If the applicant wishes to have copies of the current insurance policies, the request may be made either to the secretary or a member of the management committee [s 41(1)(b)]. If the applicant is the owner of a unit, a $5 fee applies [reg 11(2)(b)(i)]. If the applicant is a mortgagee of a unit, or a prospective purchaser or mortgagee of a unit, a $35 fee applies [reg 11(2)(b)(ii)].
The corporation must make the information available within five business days after the request [s 32, s 41]. Failure to do so is an offence with a maximum penalty of $500.
On the request of a unit holder made through the secretary or a member of the management committee, a corporation that does not have a strata manager must provide a unit holder with quarterly bank statements for all accounts maintained by the corporation, and must continue to provide the statements until the person ceases to be a unit holder or revokes their application [s 41(1a)]. Failure to do so is an offence with a maximum penalty of $500.
If a corporation has a strata manager, application can be made to the strata manager for quarterly financial statements (see Duties of strata managers).
Other information in relation to a unit or the corporation
A unit holder, a mortgagee of a unit, or a prospective purchaser or mortgagee of a unit (or someone on their behalf) may apply to the strata corporation, through the secretary or a member of the management committee, for access to the following information or documents [s 41(1)]. The information or documents must be provided within five business days after the request [s 41(1)]. Failure to do so is an offence with a maximum penalty of $500.
The corporation may reduce or waive any of the specified fees [reg 11].
Information to be provided:
- particulars of any contribution payable in relation to the unit, including details of any arrears of contribution related to the unit;
- particulars of the assets and liabilities of the corporation; and
- particulars of any expenditure that the corporation has incurred, or has resolved to incur, and to which the unit holder of the unit must contribute, or is likely to be required to contribute.
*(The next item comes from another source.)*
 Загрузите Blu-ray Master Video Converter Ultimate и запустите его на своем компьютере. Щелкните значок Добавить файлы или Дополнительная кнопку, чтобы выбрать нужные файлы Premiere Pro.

If the applicant is the owner of a unit, no fee applies [reg 11(2)(a)(i)]. If the applicant is a mortgagee of a unit, or a prospective purchaser or mortgagee of a unit, a $25 fee applies [reg 11(2)(a)(ii)].
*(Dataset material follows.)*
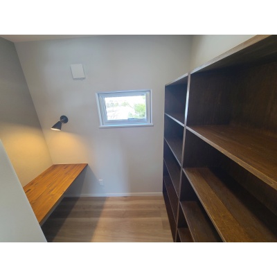造り付けのデスクと書棚がある書斎

Copies of documents to be provided:
- the minutes of general meetings of the corporation and meetings of its management committee for such period, not exceeding two years, specified in the application;
- the statement of accounts of the corporation last prepared by the corporation; and
- the articles for the time being in force.
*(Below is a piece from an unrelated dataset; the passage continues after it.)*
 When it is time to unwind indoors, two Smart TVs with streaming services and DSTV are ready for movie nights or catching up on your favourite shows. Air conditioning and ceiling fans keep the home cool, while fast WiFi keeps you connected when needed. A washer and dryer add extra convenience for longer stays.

If the applicant is the owner of a unit, a $5 fee applies [reg 11(2)(b)(i)]. If the applicant is a mortgagee of a unit, or a prospective purchaser or mortgagee of a unit, a $25 fee applies [reg 11(2)(b)(ii)].
Documents to be made available for inspection:
- a copy of the accounting records of the corporation;
- the minute books of the corporation;
- any documents received by the strata corporation from the original registered proprietor under s 38(3);
- a copy of any contract with a strata manager; and
- the register of unit holders.
No fee applies to inspecting a copy of the contract with a strata manager or the register of unit holders. If the applicant is the owner of a unit, no fee applies to inspect other documents [reg 11(2)(c)(i)]. If the applicant is a mortgagee of a unit, or a prospective purchaser or mortgagee of a unit, a $5 fee applies [reg 11(2)(c)(ii)] in relation to accounting records, minutes and s 38(3) documents.